= Archers Fork, Ohio =

Unincorporated community in Washington County, Ohio

Archers Fork is an unincorporated community in Washington County, in the U.S. state of Ohio.

==Geography==
Located in eastern Washington County, Archers Fork is dominated by densely forested and hilly terrain, characteristic of the Appalachian Plateau. The community located between two ridges, and lies at the confluence of a number of several streams, feeding in to Archers Fork, the main tributary in the area.

Similarly to the rest of the region, coal can be found in the hills surrounding Archers Fork. However, early on it was decided that the coal that lines the area's valleys was not nearly thick enough to be profitably mined.

==History==
The community takes its name from nearby Archers Fork, which in turn is named after the first pioneer to venture to the area. According to local legend, Archer eloped with another man's wife and chose to flee to the remote area to avoid persecution. They settled a few hundred yards from the mouth of Cady's run, and it is told that they lived romantically inside a hollowed-out sycamore tree. However, by the time the first permanent settlers arrived in the region, the couple had vanished.

The first settler to permanently live in the region was James Cady, which Cady's run is named for. Cady was born in Vermont in 1779, and was a veteran of the War of 1812. Cady worked as a teamster, and was married to Elizabeth Chandler, and had five children. On January 8, 1818, Cady and his family travelled up from the Ohio River to the remote valley, and settled alongside Archers Fork. The second family to settle the area arrived that following Spring. Over the next few decades, a small but stead stream of settlers arrived to Archers Fork. In 1828, a sawmill was constructed. Then in 1832, a gristmill was built. Around 1835, waves of German Americans began to enter the Ohio Valley, with significant numbers settling in Archers Fork.

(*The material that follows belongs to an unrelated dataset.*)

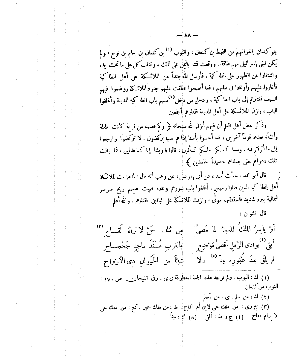 بنو كنعان باخوانهم من القبط من كنعان، والنواب بن كنعان بن حام بن نوح، ولم يكن لبني إسرائل بهم طاقة. ووقعت فتنة باليمن على الملك، وتغلب كل على ما تحت يده وانشغلوا عن الظهور على أنطاكية، فأرسل الله جناً من الملائكة على أهل انطاكية فأغاروا عليهم وأوغلوا في طلبهم، فلما أصبحوا عطفت عليهم جنود الملائكة ووضعوا فيهم السيف فقتلوهم إلى باب انطاكية، ودخل منهم انطاكية المدينة وأغلقوا الباب، ونزل الملائكة على أهل المدينة فقتلوهم أجمعين

A post office called Archers Fork was established in 1874, and remained in operation until 1949.

==Recreation==

Archers Fork is also home to a number of prominent hiking and backpacking trails. The community is located in Wayne National Forest, and numerous trails traverse the heavily forested and rugged backcountry. Offering some of the best backpacking opportunities in Ohio, the Archers Fork, Scenic River, and Greenwood Trails are destinations for outdoor enthusiasts across the state.